Chacham really is to credit [to blame :P] with coming up with this question: Does evil exist? I have said that there must be a choice for evil to exist, but what about the things we don't choose? The first example that comes to mind is accidently running over someone -- in a choice-scenario you'd say that the person chose to run over the pedestrian, and as such is doing an evil act. However, when you don't choose that can't be evil. Or at least that's how our society views it. I mean, if you accidently shoot someone, they look at the intent of the person -- and since it was an accident, they deem it not evil and thus you are let off the hook. Now, whether they shold focus on intent is another issue I'll have to delve into some time, but overall our society equates evil with intentions.
Ok, so can we say that perhaps there is no evil in the world, only evil intentions? Because it is not the act that is evil (at least we have proven that there are cases in which an act is not evil even though it tends to be viewed as such) but the inferred intentions of the person that we see as evil.
So a recap, more for myself than anyone else: Evil is not equated to a choice, because you can choose between good things. But it requires a choice, and even in that choice it is the intentions of the person making that choice that can be evil or good.
So can we say that a person is evil? Perhaps, but maybe it'd be better to say that the person has evil tendencies. Can those tendencies be repressed, and thus the good comes out? I believe so, because I know many people who did evil things (as society has labeled them) and yet now are 40-something business executives who, as one put it, "had to get it out of his system." With that I think we need to introduce the nature/nurture debate in terms of evil.
Now, I started to look around, and I found this interesting bit discussing the overarching power of repentance in terms of evil. Various googling of "nature nurture evil" will get you similar articles. Now where am I headed? It's toward a recognition that there are evil intentions, and they are both a natural and nurtural (is that a word?). If you do not believe in a higher power, then you can quit this exercise, as you are only responsible to yourself and others around you. Now, if you are religious, you are responsible to a higher being, and that being has communicated through various texts what he/she/it feels is good and what is evil. So that responsibility looms over us, frightening in some cases.

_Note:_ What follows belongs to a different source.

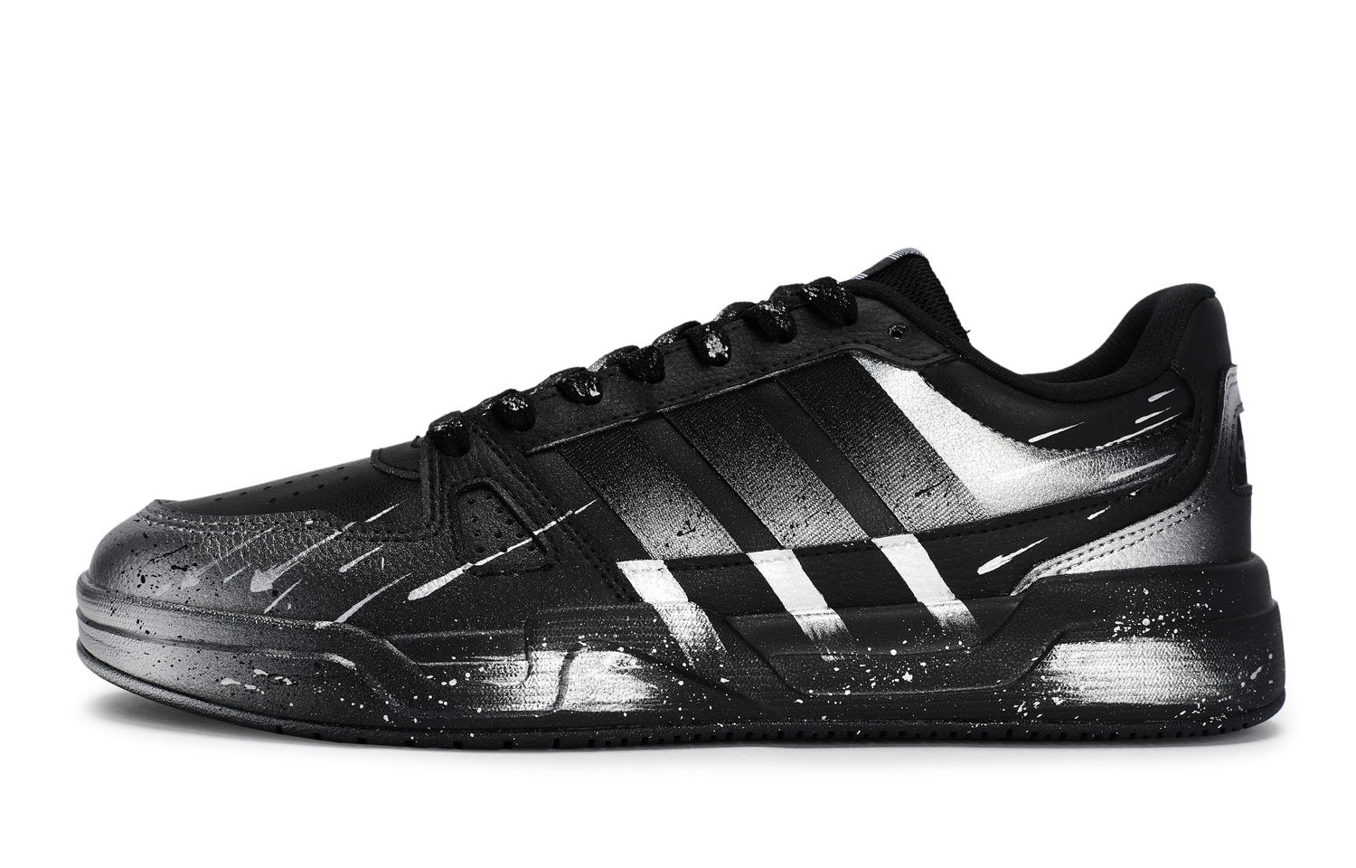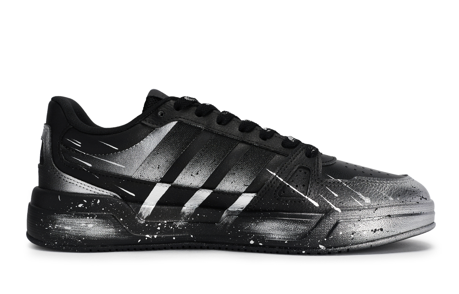 Эти кроссовки изготовлены на основе оригинальных кроссовок adidas LITE BALLER - удобных, универсальных, нескользящих и прочных низких кроссовок унисекс с тонкой подошвой в черном цвете. На изображении представлен реальный товар; цвет модели может незначительно отличаться. Все кроссовки изготавливаются вручную, и каждая пара может иметь незначительные отличия. В комплект входит специальная коробка для обуви.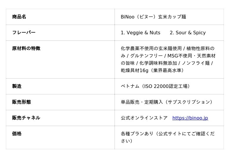 株式会社イノウエ企画(北海道札幌市、代表取締役:高嶌梓)は、植物性・グルテンフリーの玄米カップ麺「BiNoo(ビヌー)」の一般販売を正式に開始しました。クラウドファンディングにて336名のサポーターから支持を得た本商品を、サブスクリプション購入にも対応したオンラインストア(binoo.jp)にて販売します。

In fact, as a Christian, as I read the bible I find Romans 6:23, "For the wages of sin is death, but the gift of God is eternal life in Christ Jesus our Lord." So I can go one step further and say that by grace God has forgiven me of my sins due to my acceptance and realization that Jesus Christ, his son, is indeed the only one who can rectify the evil I do. Because I know Christ, I am able to not worry about the consequences, however this does not mean that I should continue doing evil, as Romans 6:1&2 says, "What shall we say, then? Shall we go on sinning so that grace may increase? By no means! We died to sin; how can we live in it any longer?"
So, I've narrowed down the reading audience drastically, but these are my own thoughts, of which you are free to peruse, comment, and even scorn. I'm not a scholar, I have never done any philosophy, I just sit and think and type. Although before someone yells: RTFA!, I have, for me it's the Bible.